For so long, I've endured a loveless marriage. Ten years and two kids later, nothing has changed. I was brought up in a family where divorce was just not an option. But, I don't know how much longer I can do this. 

My husband can't stand to be alone in a room with me. He gets nervous around me. After ten years of marriage, I don't feel close to him. We still feel like strangers, sometimes. 

I think I want a divorce, but how do I know I am making the right choice? Are kids better raised by two parents who don't show love towards each other or by single parents who are better as friends?

I lose sleep over this everyday. I feel so guilty because I am supposed to put my children first...


----------



## accept (Dec 1, 2011)

Come on. Whats happened. How did you get into this state.


----------



## SunnyT (Jun 22, 2011)

Divorce is the beginning of a whole new world. Even if you are anti-divorce, the benefits of getting out of such a crappy and depressing life are enormous. It's hard to imagine, I know. 

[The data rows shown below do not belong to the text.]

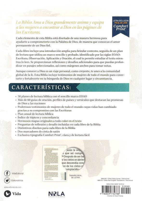 Esta Biblia anima y equipa a las mujeres para que se encuentren con Dios en las páginas de las Escrituras. Cada elemento de esta Biblia está bellamente diseñado para ayudarte a comprometerte con la Palabra de Dios para que puedas conocer el amor permanente de un Dios fiel.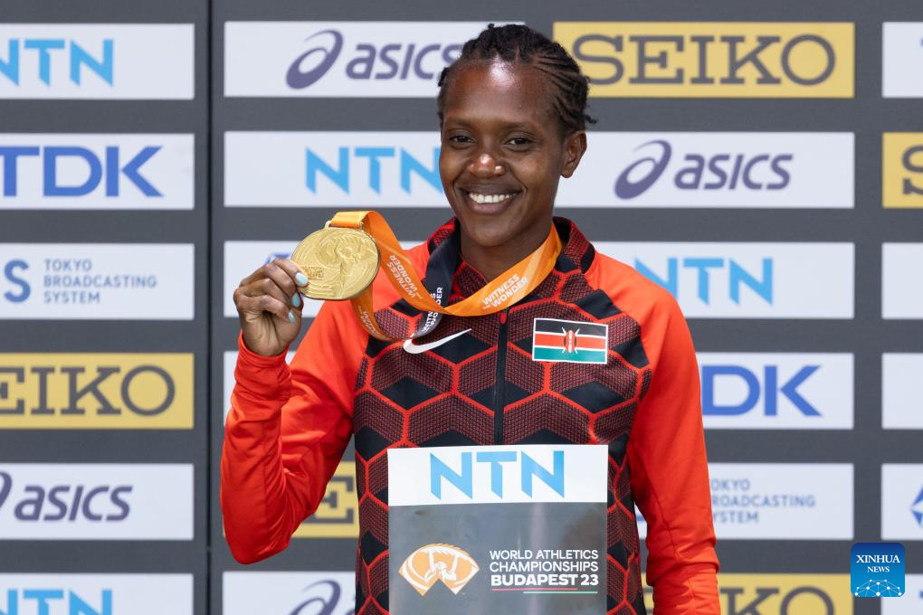 Gold medalist Faith Kipyegon of Kenya poses during the awarding ceremony for the Women's 1500 Meters at the World Athletics Championships Budapest 2023 in Budapest, Hungary on Aug. 24, 2023. (Photo by Attila Volgyi/Xinhua)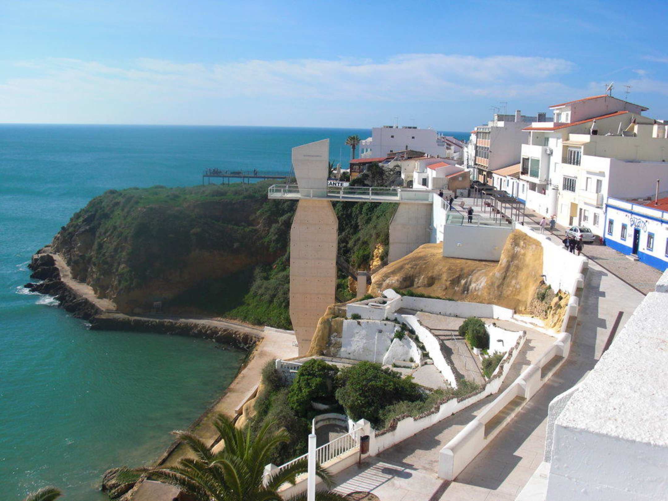 Rechts der Aufzug der einen zum Strand bringt, falls man nicht die Treppe (wenige Stufen) steigen möchte.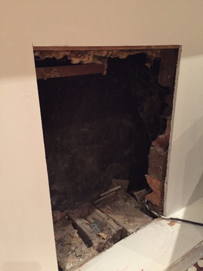 In the dining room, the previous owner has put a wood material (mdf) in the front part and cut out a hole for a basic electric fire to fit in. We want to pull out the mdf and restore the fireplace so it gives the impression of being a working fireplace. The material inside appears to be slate.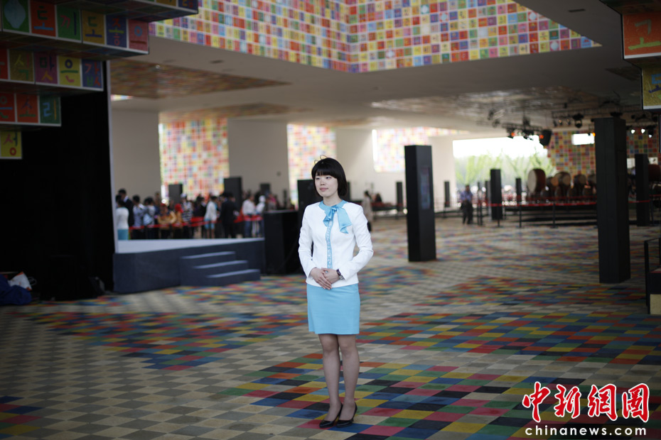 溫柔美麗的韓國館禮儀小姐。中新網記者 盛佳鵬 攝

When my ex left (and it wasn't a verbal fighting ground.... just... his stupidity issues) there was a calm over the house. The kids (5) and I didn't say it, but it was like a huge relief. No more walking on egg shells, no more trying to figure out what he meant (he talked in riddles), no more worrying and wondering about every freaking thing. A huge weight was lifted, and the household was pleasent and calm. 

Different people handle the stress of separation differently tho. I think you have to weigh it for yourself, how things will change if you separate/divorce.... the finances, maybe even where you live, the family unit (definitely changes... new dynamics... not all bad tho!), your authority as a single parent, your responsibilities as a single parent,..... there are alot of lifestyle changes depending on the give and take within the current marriage. 

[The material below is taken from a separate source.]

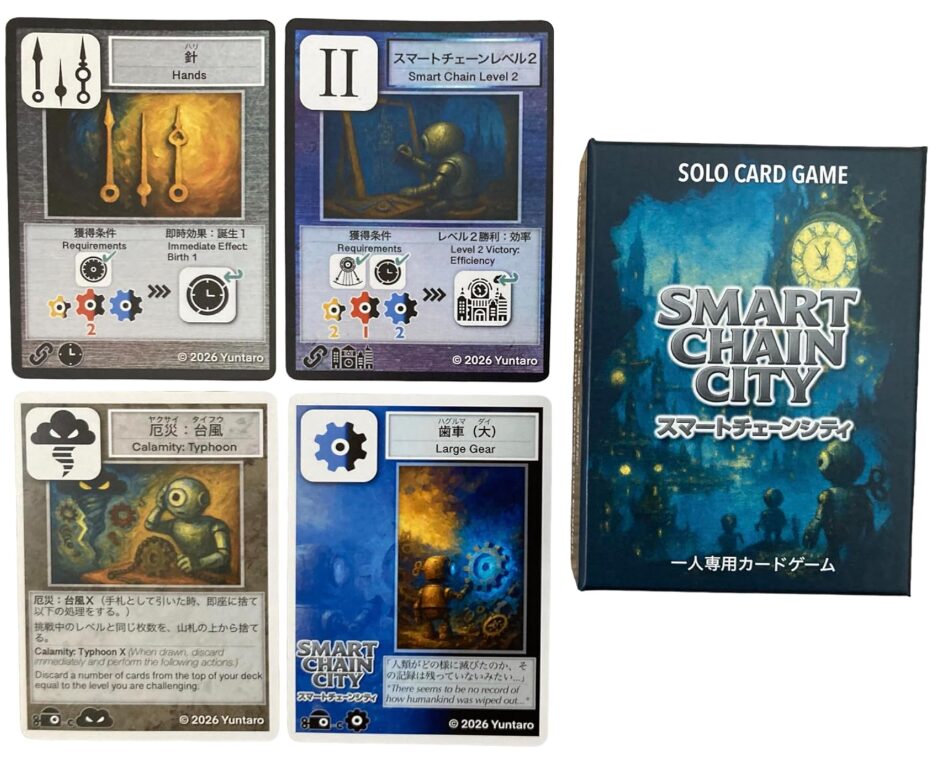 スマートチェーンシティは、短時間で濃密な思考体験ができる完成度の高いソロカードゲームです。独自の歯車システムが戦略性を大きく高めています。

In my marriage, the ex was not involved with the kids at all, bill paying was always a crap shoot, my opinion had no value, etc... So when he left I was already doing all the kid/house stuff, and was free to figure out my own bill paying/finances. To me it was the best thing that he ever... ever... did for me.

I made lists, pros and cons.... I kept a journal to get my frustrations out. I wrote him letters in the journal... I burned it after he left. 

My life now is awesome..... really awesome... better than I ever thought it would be (which is real good coming from an optimist!). Ex's life....????? I have no idea. Not my problem, not my department, not my care.....


----------